> **TO DO**
In the records below, find the line with "Ads for Zio’s", then retype it and every following line exactly, stopping after the line with "WraptorSkinz Decal Skin". Leave the pictures out.

> **RECORDED INFORMATION**

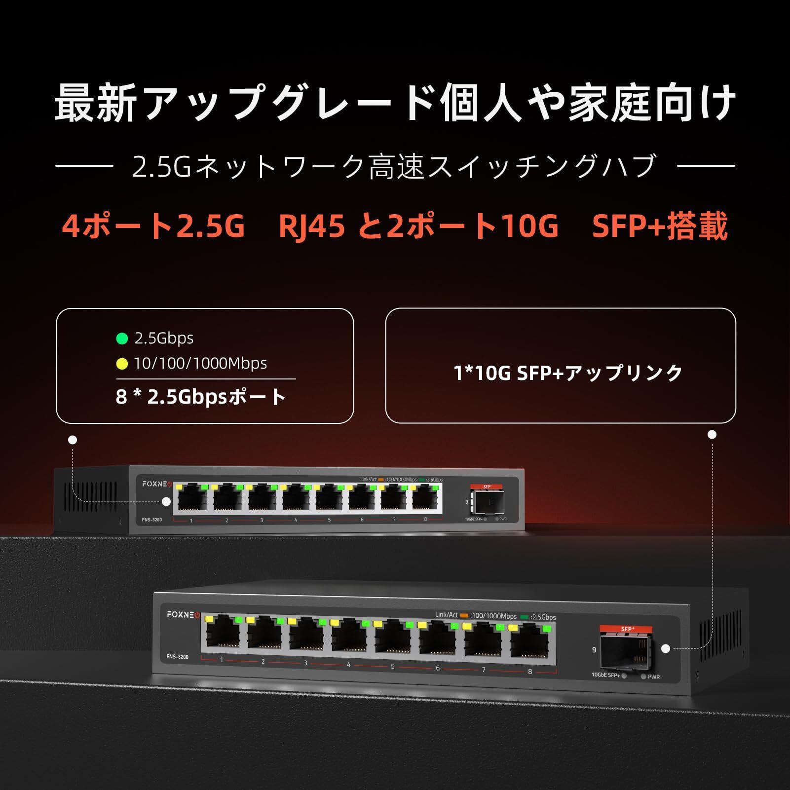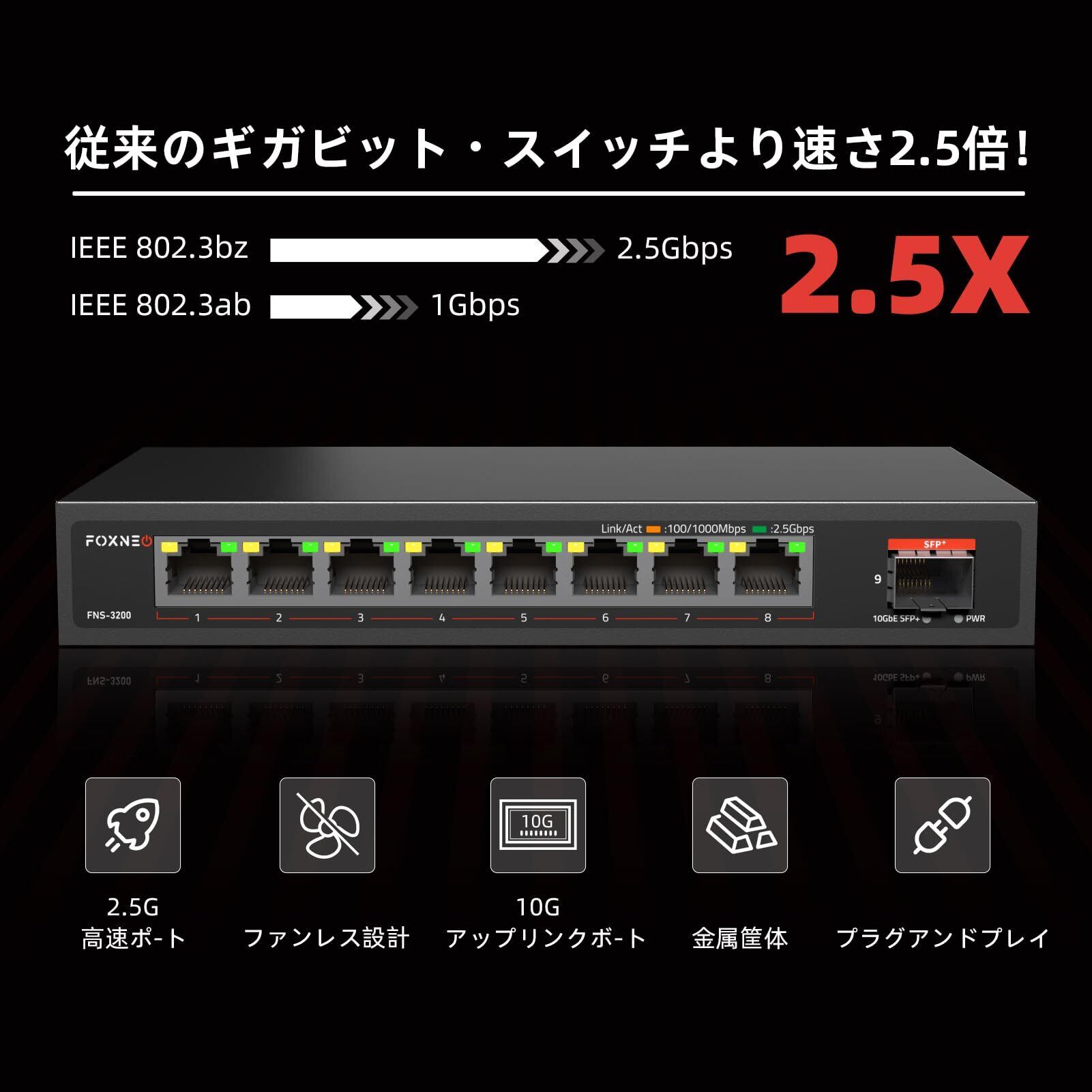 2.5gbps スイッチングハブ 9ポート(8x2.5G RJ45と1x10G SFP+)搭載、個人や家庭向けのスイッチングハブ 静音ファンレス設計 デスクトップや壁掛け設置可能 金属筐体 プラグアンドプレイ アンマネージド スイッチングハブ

---

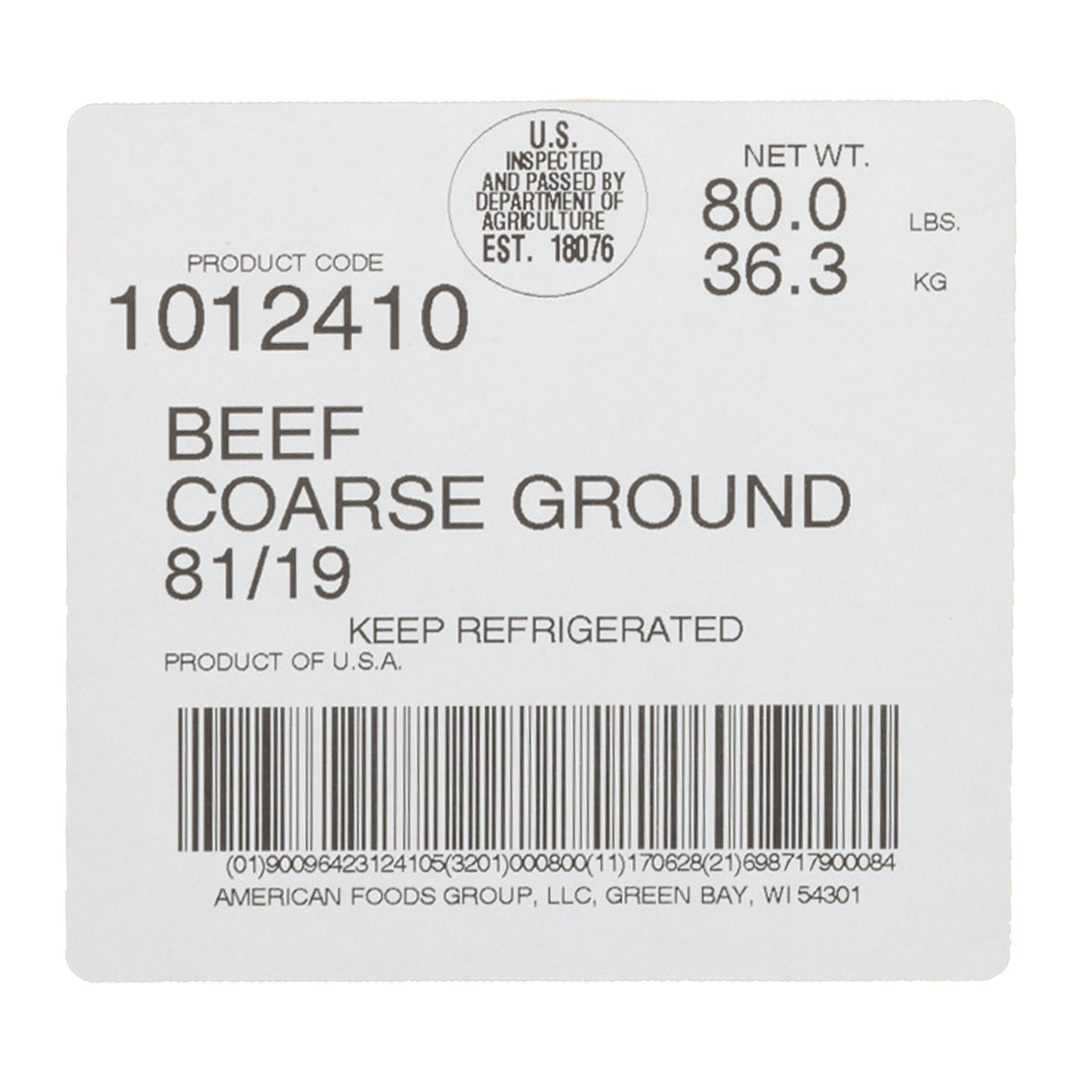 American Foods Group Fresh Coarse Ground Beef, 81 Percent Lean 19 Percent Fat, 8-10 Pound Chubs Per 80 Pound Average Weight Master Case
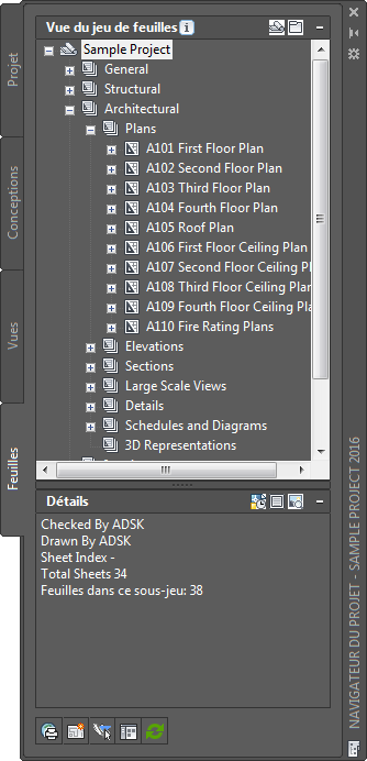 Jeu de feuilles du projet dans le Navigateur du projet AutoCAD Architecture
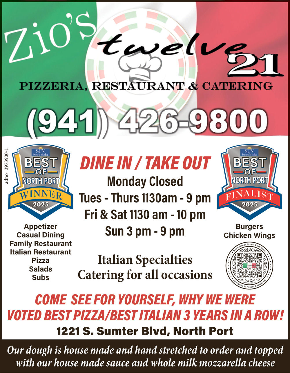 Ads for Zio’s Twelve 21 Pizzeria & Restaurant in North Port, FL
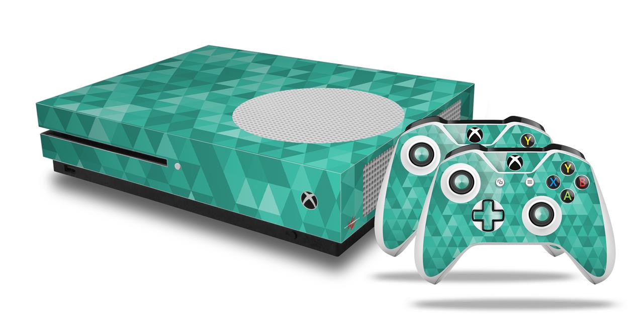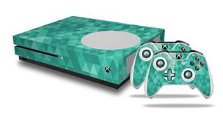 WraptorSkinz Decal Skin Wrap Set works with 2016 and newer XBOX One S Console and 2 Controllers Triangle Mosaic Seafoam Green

> **SOLUTION TO THIS TASK**
 Ads for Zio’s Twelve 21 Pizzeria & Restaurant in North Port, FL
 WraptorSkinz Decal Skin Wrap Set works with 2016 and newer XBOX One S Console and 2 Controllers Triangle Mosaic Seafoam Green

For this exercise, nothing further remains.